Friday, October 27, 2006

More trick than treat

I don't have a lot of fond memories of Halloween trick-or-treating as a kid. Halloween just wasn't the same experience growing up out in the country in rural Eastern Oregon as it was for my classmates that lived in the nearby town of Echo.

While technically I didn't live on a farm, we lived out in the country surrounded by farmland. So it strikes me as ironic that all so many urban dwellers tend to equate Halloween with a rural feel of pumpkins and corn stalks and scarecrows — evoking all this rural imagery. Halloween wasn't a very big deal in our part of the country. At least not that I remember.

That's not to say there weren't attempts at trick-or-treating. But most of our neighbors were several miles down the road. So trick-or-treating meant hopping in the car and having mom drive several miles down the highway that went past our house and then sometimes a half mile or mile down a dirt-and-gravel road to read a neighbor's house.

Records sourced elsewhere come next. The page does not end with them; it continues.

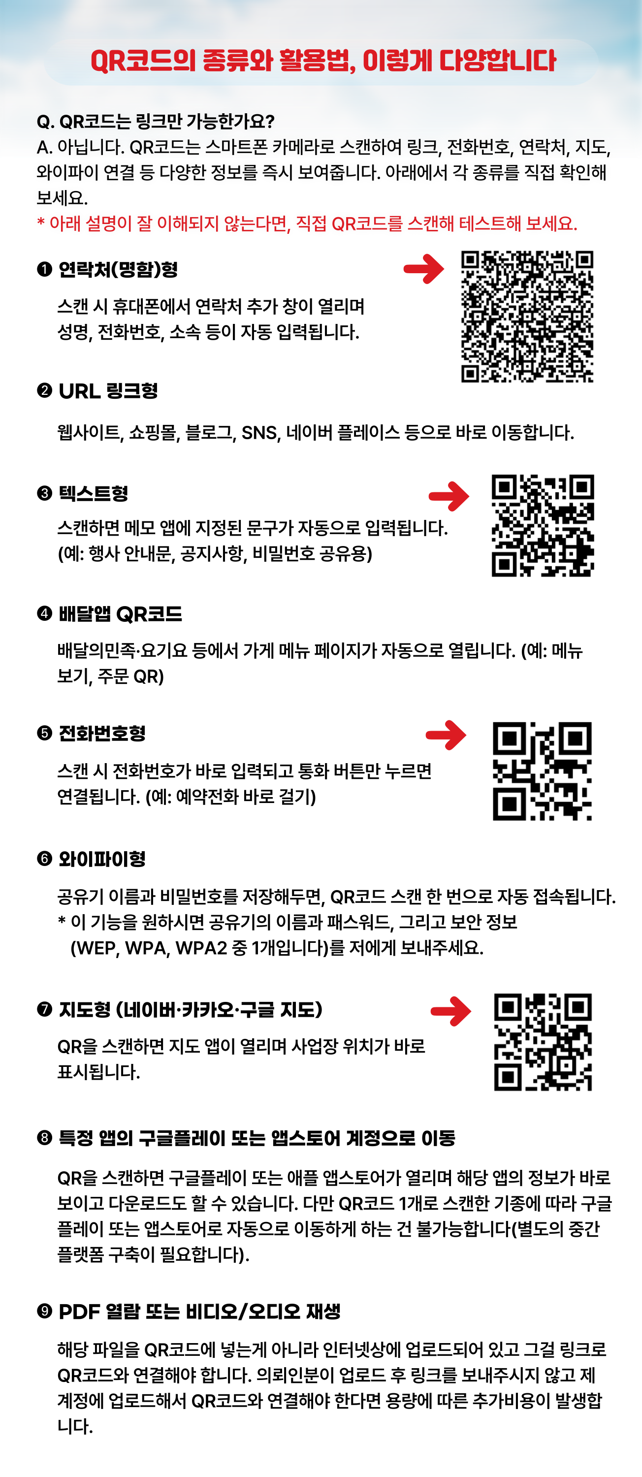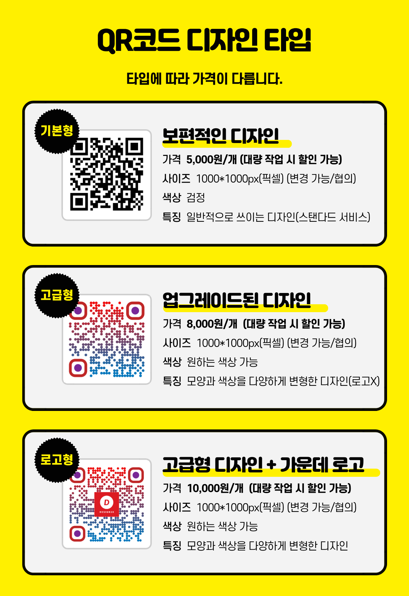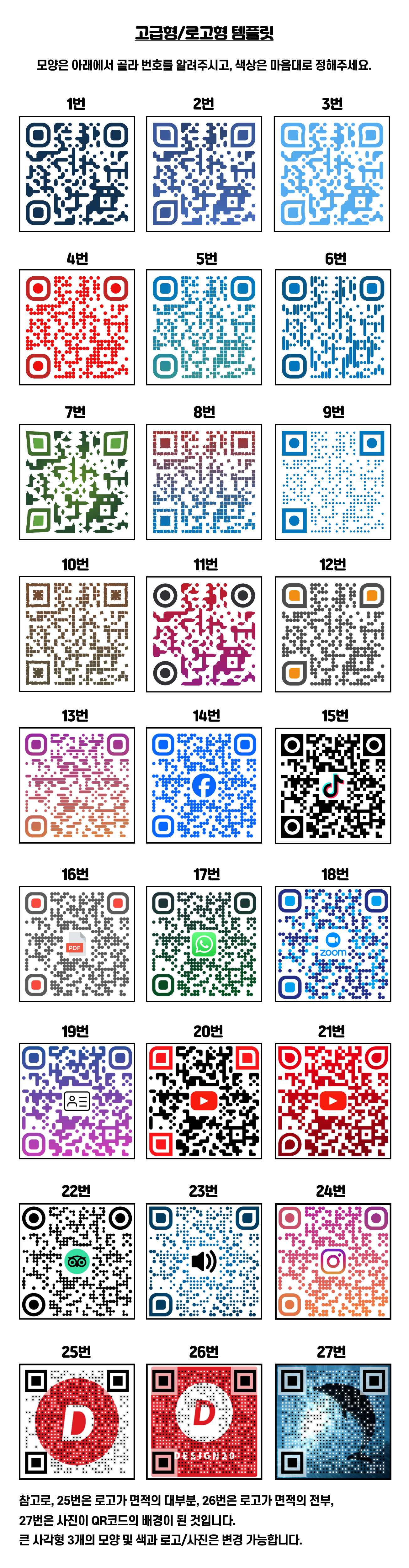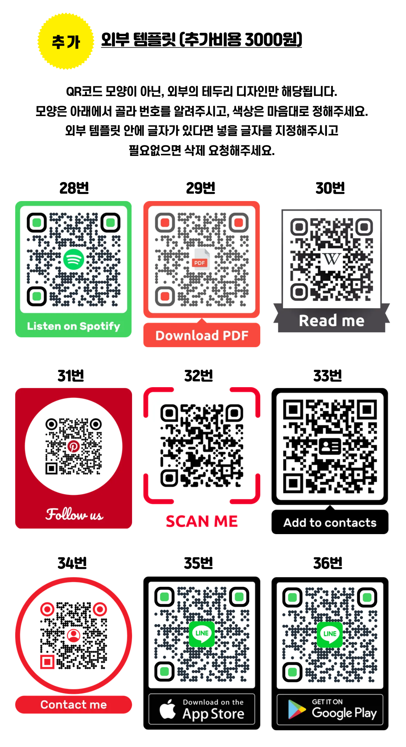 - QR코드 스캔 시 특정 웹페이지로 이동하는 방식 외에도 다양한 방식의 QR코드 제작이 가능합니다. 자세한 내용은 상세이미지를 참고 바랍니다.
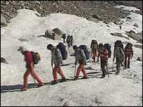 اس کورس میں حصہ لینے کے لیے بائیس افراد کو منتخب کیا گیا ہے جن میں دو خواتین بھی شامل ہیں۔ ان بائیس افراد میں سے نو سابق مجاہدین ہیں اور ان کا انتخاب اقوامِ متحدہ کی مدد سے مجاہدین کو غیر مسلح کرنے والی ایک تنظیم نے کیا ہے۔ کوہ پیمائی کے گائیڈ تیار کرنے کے اس کورس کو آغا خان فاؤنڈیشن اور اور امریکہ کی بین الاقوامی ترقی کی ایجنسی کی مدد بھی حاصل ہے۔ ایک سابق افغان مجاہد کمانڈر رحیم خان کا کہنا تھا کہ’مجھے ان پہاڑیوں میں روسیوں کے خلاف لڑائی کا وسیع تجربہ ہے اور اب اس تجربے کو میں ایک پر امن مقصد کے لیے استعمال کر رہا ہوں‘۔ کابل کے شمال میں واقع پنج شیر وادی میں تربیت کے لیے جانے سے قبل ان بائیس طلباء و طالبات کو بنیادی حفاظتی اصولوں کے بارے میں تعلیم دی گئی ہے۔ اس تعلیم کے دوران ان افراد کو علاقے کی جغرافیائی ماہیت اور ارضیات کے بارے میں بھی پڑھایا گیا ہے۔ اس کورس میں شامل افراد نے 5000 میٹر سے بلند چوٹیوں پر تربیت حاصل کی۔ اس تربیت کے دوران انہیں برفانی میدانوں اور گلیشیئروں کو عبور کرنا اور چٹانوں پر چڑھنے کی تعلیم دی گئی۔ اس کورس میں شامل ایک خاتون روحینہ اس سلسلے میں بہت پرجوش تھیں۔ ان کا کہنا تھا کہ ’ تین برس قبل تو میں اپنے گھر سے بھی نہیں نکل سکتی تھی اور اب میں نے ایک پہاڑ سر کر لیا ہے‘۔ تمام بائیس افراد نے کوہ پیمائی کی رہنمائی کے اس بنیادی کورس میں کامیابی تو حاصل کی ہے لیکن پہاڑوں کے بارے میں معلومات رکھنے کے باوجود ایک کوہ پیما رہنما بننا ان افراد کے لیے ایک مشکل عمل ہے۔یہ تمام افراد انگریزی سے نابلد ہیں جو کہ غیر ملکی کوہ پیماؤں سے رابطے کے لیے نہایت ضروری ہے تاہم پروفیسر کارلو پائنلی کا کہنا ہے کہ ’ یہ پہلا قدم ہے‘۔ پروفیسر پائنلی کو امید ہے کہ یہ افراد کوہ پیمائی اور پہاڑ نوردی کی صلاحیتوں سے فائدہ اٹھائیں گے تاہم ان کا کہنا ہے کہ ان رہنماؤں کو مستقل گاہک ملنے میں وقت لگے گا۔ وہ اگلے برس واخان کے علاقے میں ایک زیادہ بہتر کورس منعقد کرنے کا ارادہ رکھتے ہیں۔ واخان میں افغانستان کی بلند ترین چوٹیاں واقع ہیں۔ افغانستان دنیا بھر کے کوہ پیماؤں کے لیے ایک پر کشش ملک ہے۔ اس میں دنیا کے بلند و بالا ترین پہاڑ واقع ہیں اور ان میں سے کچھ کو ایک مرتبہ بھی سر نہیں کیا گیا ہے۔ افغانستان کی بلند ترین چوٹی کی اونچائی 7500 میٹر ہے اور اسے آخری مرتبہ بیس برس قبل سر کیا گیا تھا لیکن اب لگتا ہے کہ افعانستان میں کوہ پیمائی کے ایک نئے دور کا آغاز ہونے والا ہے۔ |
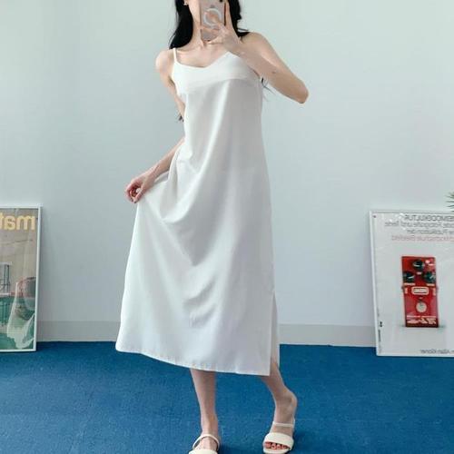 A라인 롱원피스 홈웨어 휴양지룩 슬릿 뷔스티에 멜빵 원피스 점프수트
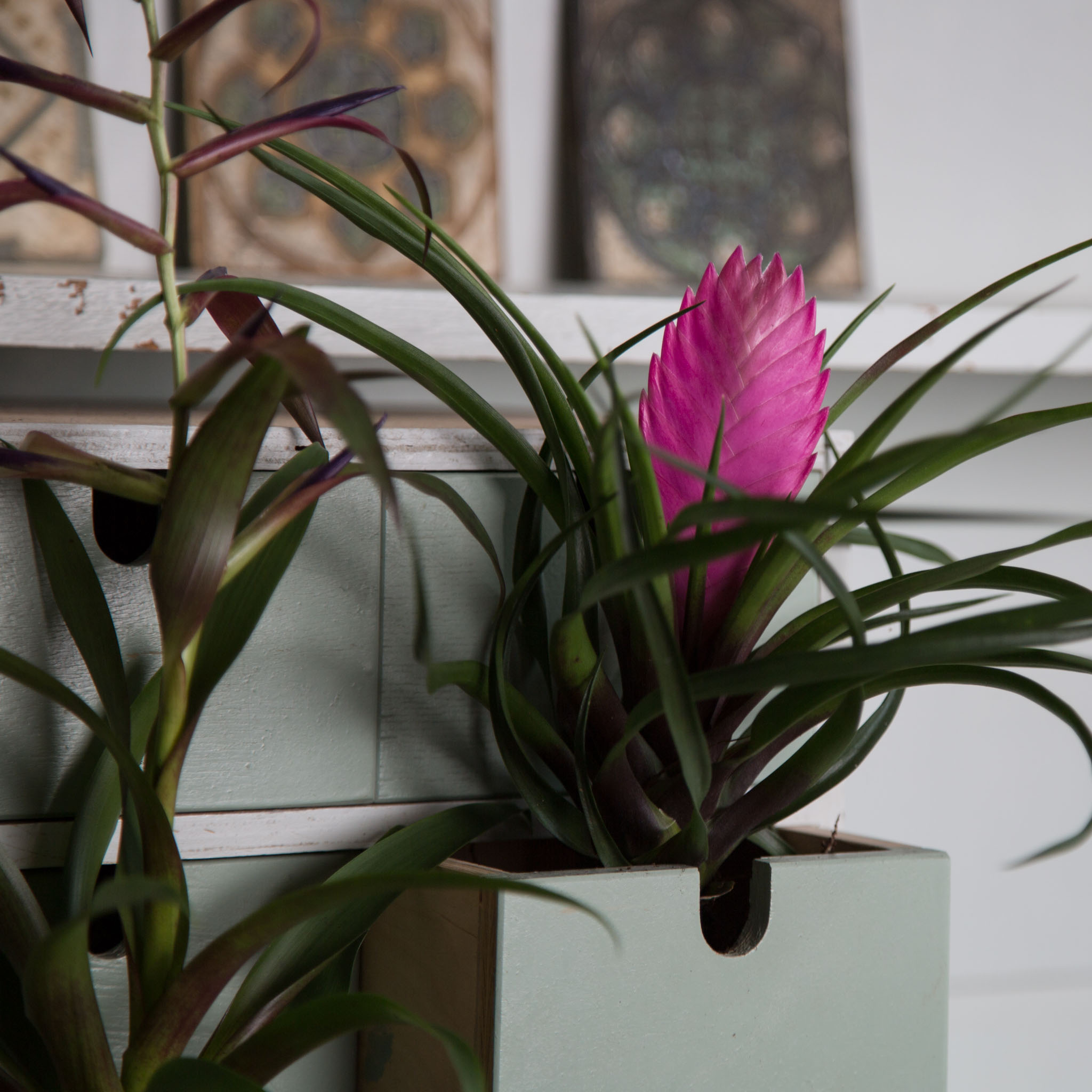 The bright pink bracts of the Tillandsia will surprise you with deep purple flowers. A cool plant to color the smaller spaces in your home!
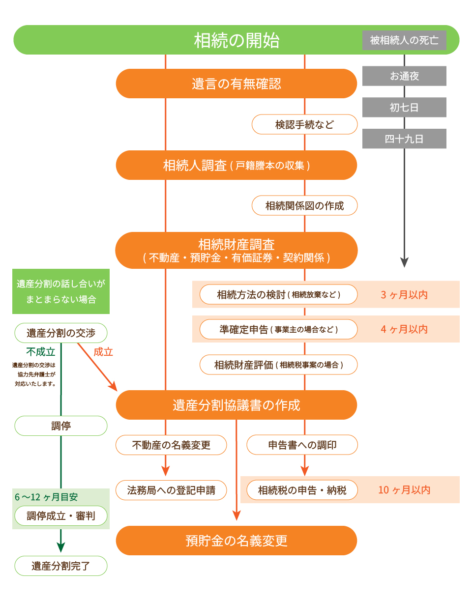 こちらでは、 一般的な相続 の流れをわかりやすくまとめています。
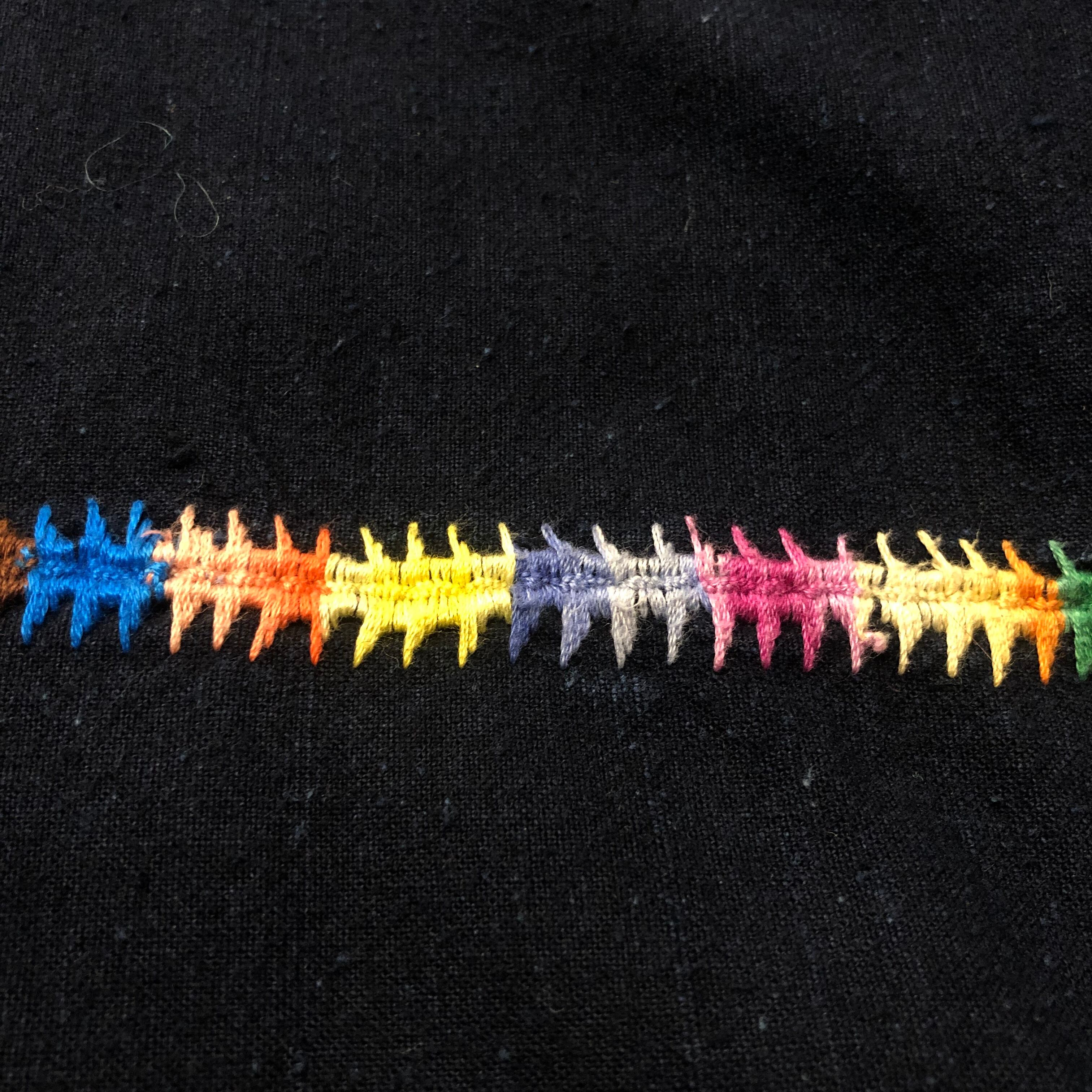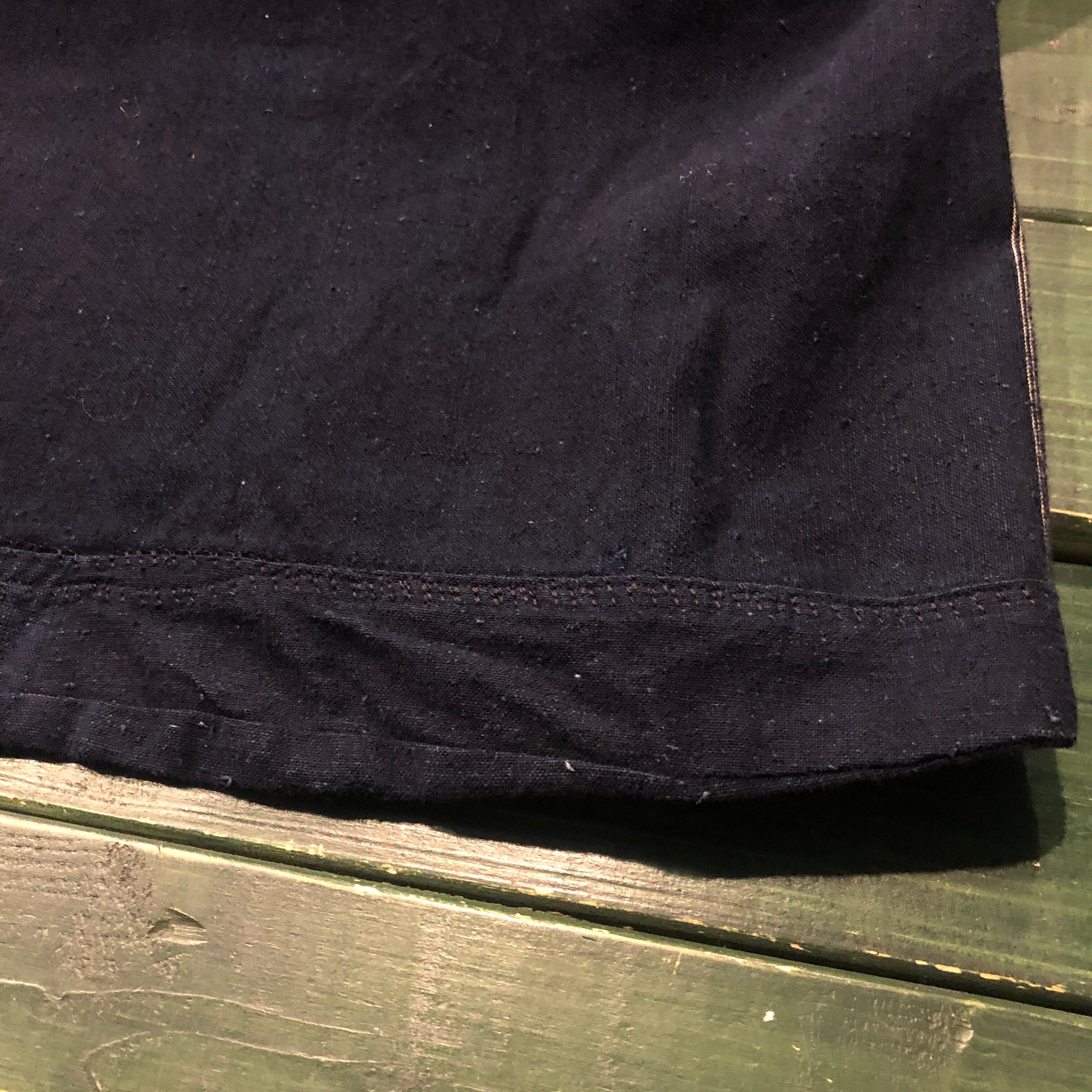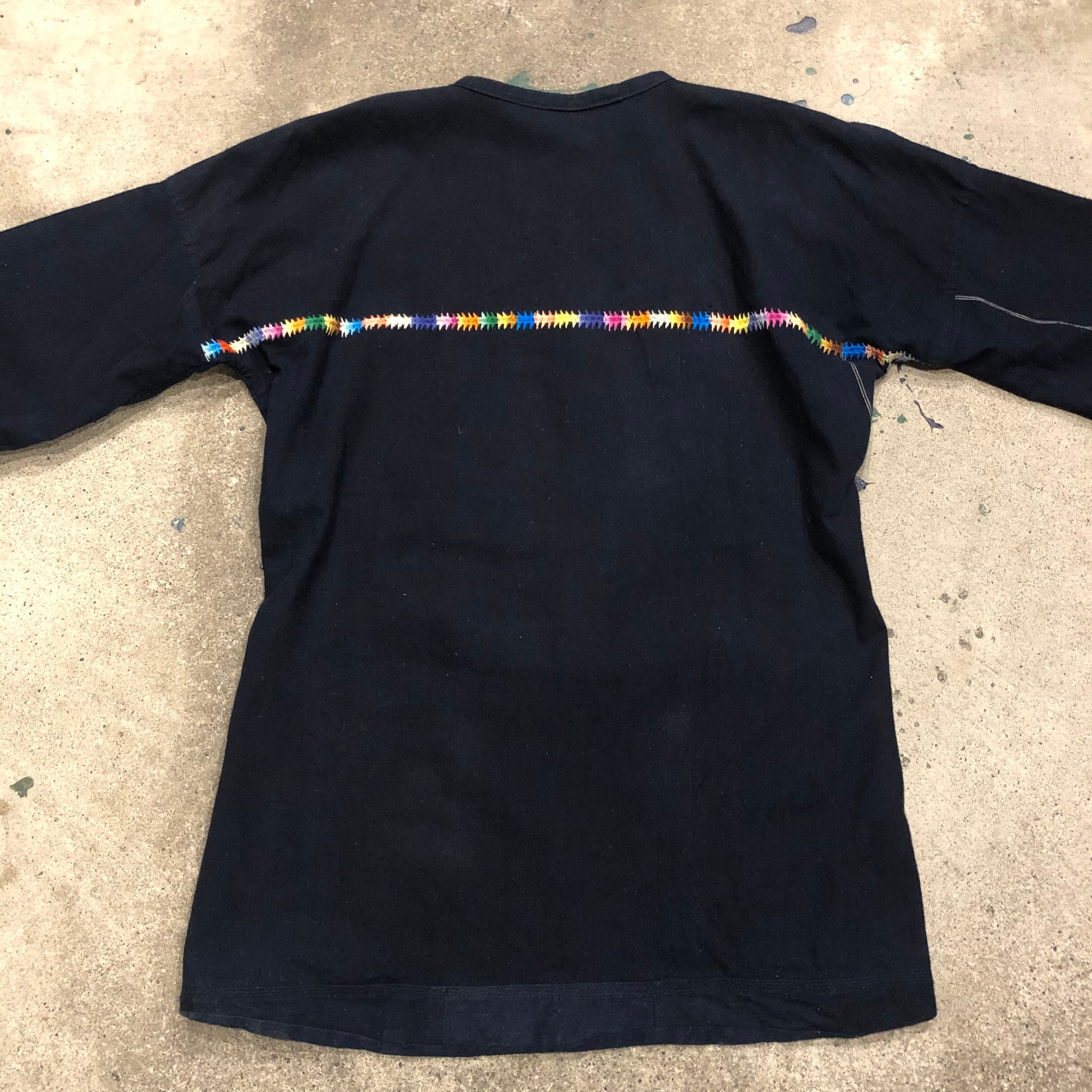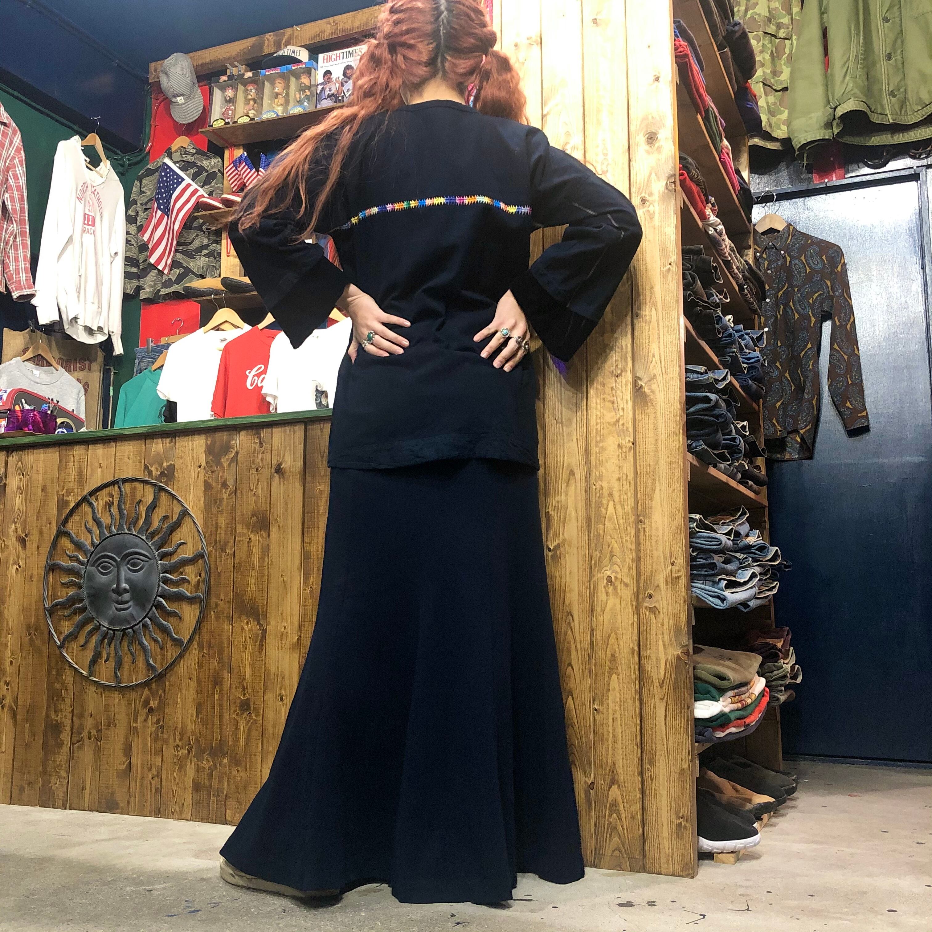 インディゴ染めのような深いネイビーにとても美しい刺繍が映えてインパクトのある一着です。
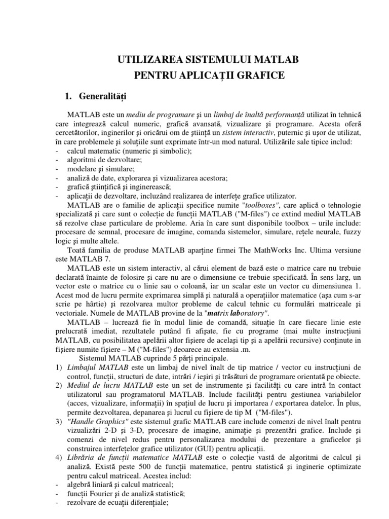 Cursul îşi propune să descrie facilităţile grafice MATLAB pentru vizualizarea datelor şi

There were no doorbells to ring. Barking dogs and a cloud of dust announce the pending arrival at someone at the door. And it didn't really matter if you wore a mask or not, you couldn't be anonymous. The neighbors all knew each other's cars (or rigs as we called them on Buttercreek).

"Oh, look Mike, it's the West boys come to trick-or-treat."

What fun is that when everyone can tell who you are in your costume? And who wants to trick-or-treat with their two kid brothers?

As my brothers and I were back in the car, pawing through our candy, and impatiently wanting to get to the next house to add to our sugar stash, Mom was still standing on the porch chatting with the neighbor lady. There's no such thing as a quick visit out in the country.

So, an hour of trick-or-treating would mean a journey of several miles and stops at maybe 3 or 4 houses. I soon learned you'd get more candy by staying home and eating all the leftovers from the candy Mom bought for trick-or-treaters than never showed up at our house. Some years, depending on the age of the offspring in a 5-10 mile radius, there would be no kids show up at all. And if I went to town with Mom on her shopping trip in late October I could help pick out the candy for the dish, which eventually found it's way into my private collection.

One year some neighbors up the creek had a great idea to get around the high-mileage trick-or-treat trips. They hosted a Halloween party for all the kids up and down the creek, complete with a haunted house and lots of activities, like bobbing for apples.

But beyond that, Halloween wasn't much fun for this country boy. I still don't get into it. So don't come trick-or-treating at my door kiddies. I'll probably be at the movies.

1 comment:

Anonymous said...

Sounds like home to me. We buy candy every year and never have any trick or treaters. Used to buy the cheaper stuff, but now we make sure and get something we all like!